What changes are proposed in this pull request?

Closes #3941. Not sure this should be classified user facing because it is a breaking change in the return value structure in some circumstances (as described in #3941), but it's not likely that it will break much code in downstream projects and in principle a minor change.

How is this patch tested?

Unit tests

Release Notes

Is this a user-facing change?

No. You can skip the rest of this section.
Yes. Give a description of this change to be included in the release notes for MLflow users.

(Details in 1-2 sentences. You can just refer to another PR with a description if this PR is part of a larger change.)

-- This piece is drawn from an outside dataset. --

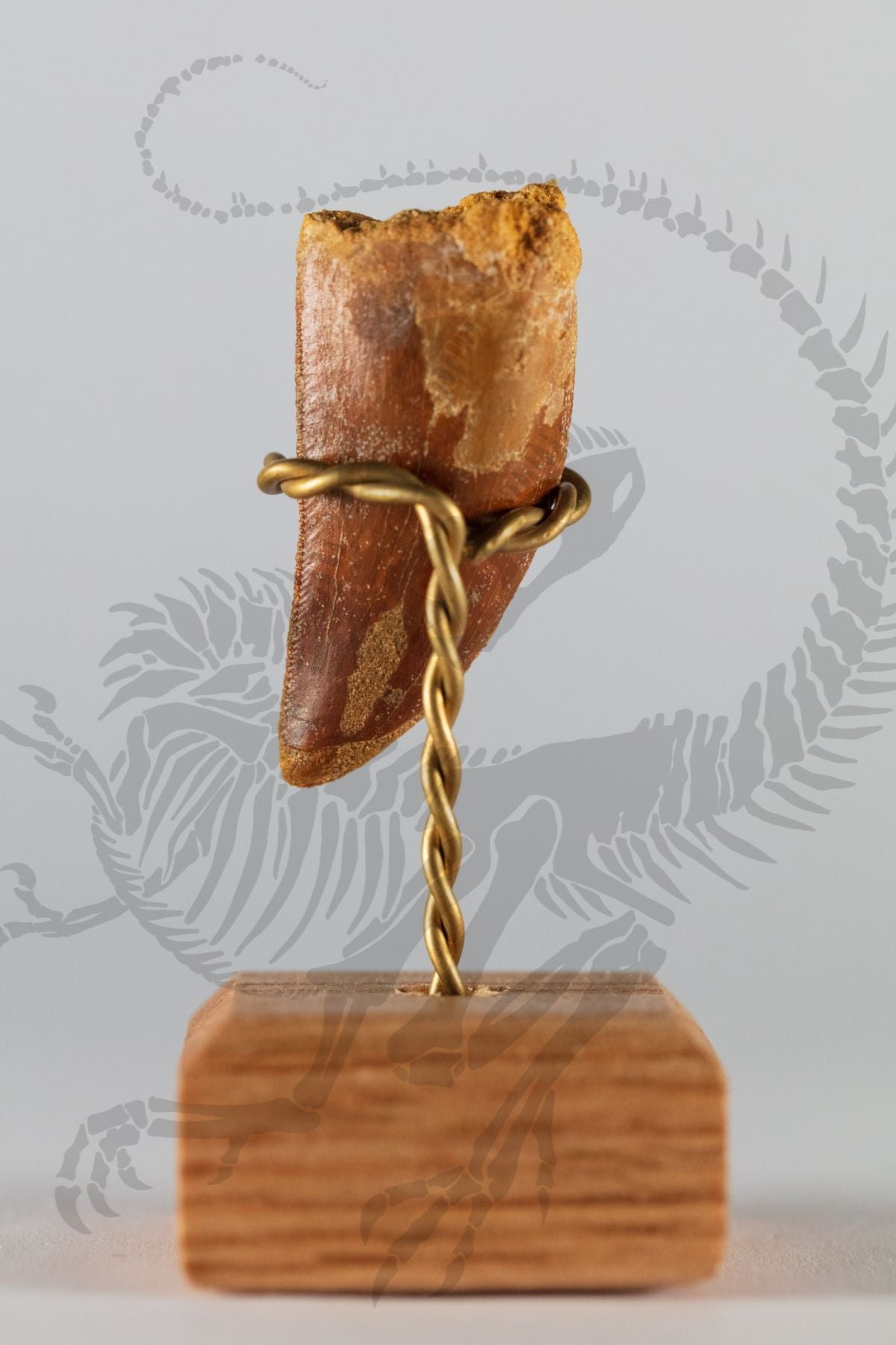 Authentic fossil tooth to the giant carnivorous dinosaur, Carcharodontosaurus, from the Kem Kem beds in Morocco. A beautiful and giant tooth to a fearsome and massive apex predator complete with stunning serrations on either side of the tooth. Made even more rare by it's placement, this is a premaxillary tooth belonging in the front of the jaw. Comes with custom hardwood stand. Carcharodontosaurus was a large carnivore from the mid Cretaceous period in Africa, about 100 million years ago. It was a giant among the meat eating dinosaurs, only being rivaled in size by its similar cousin Giganotosaurus, the heavier T. rex, and it’s contemporary, the Spinosaurus. It reached lengths of 45 feet long, and weighed up to 7 tons, and used its knife-like teeth that gave this “shark toothed” reptile it’s name to slice the flesh of its prey.

What component(s), interfaces, languages, and integrations does this PR affect?

Components

Interface

area/uiux: Front-end, user experience, JavaScript, plotting
area/docker: Docker use across MLflow's components, such as MLflow Projects and MLflow Models
area/sqlalchemy: Use of SQLAlchemy in the Tracking Service or Model Registry
area/windows: Windows support

Language

language/r: R APIs and clients
language/java: Java APIs and clients
language/new: Proposals for new client languages

Integrations

integrations/azure: Azure and Azure ML integrations
integrations/sagemaker: SageMaker integrations
integrations/databricks: Databricks integrations

How should the PR be classified in the release notes? Choose one:

rn/breaking-change - The PR will be mentioned in the "Breaking Changes" section
rn/none - No description will be included. The PR will be mentioned only by the PR number in the "Small Bugfixes and Documentation Updates" section
rn/feature - A new user-facing feature worth mentioning in the release notes
rn/bug-fix - A user-facing bug fix worth mentioning in the release notes
rn/documentation - A user-facing documentation change worth mentioning in the release notes

Signed-off-by: Lorenz Walthert <lorenz.walthert@icloud.com> Signed-off-by: Lorenz Walthert <lorenz.walthert@icloud.com>

Signed-off-by: Lorenz Walthert <lorenz.walthert@icloud.com>

tomasatdatabricks

Thanks for the contribution @lorenzwalthert!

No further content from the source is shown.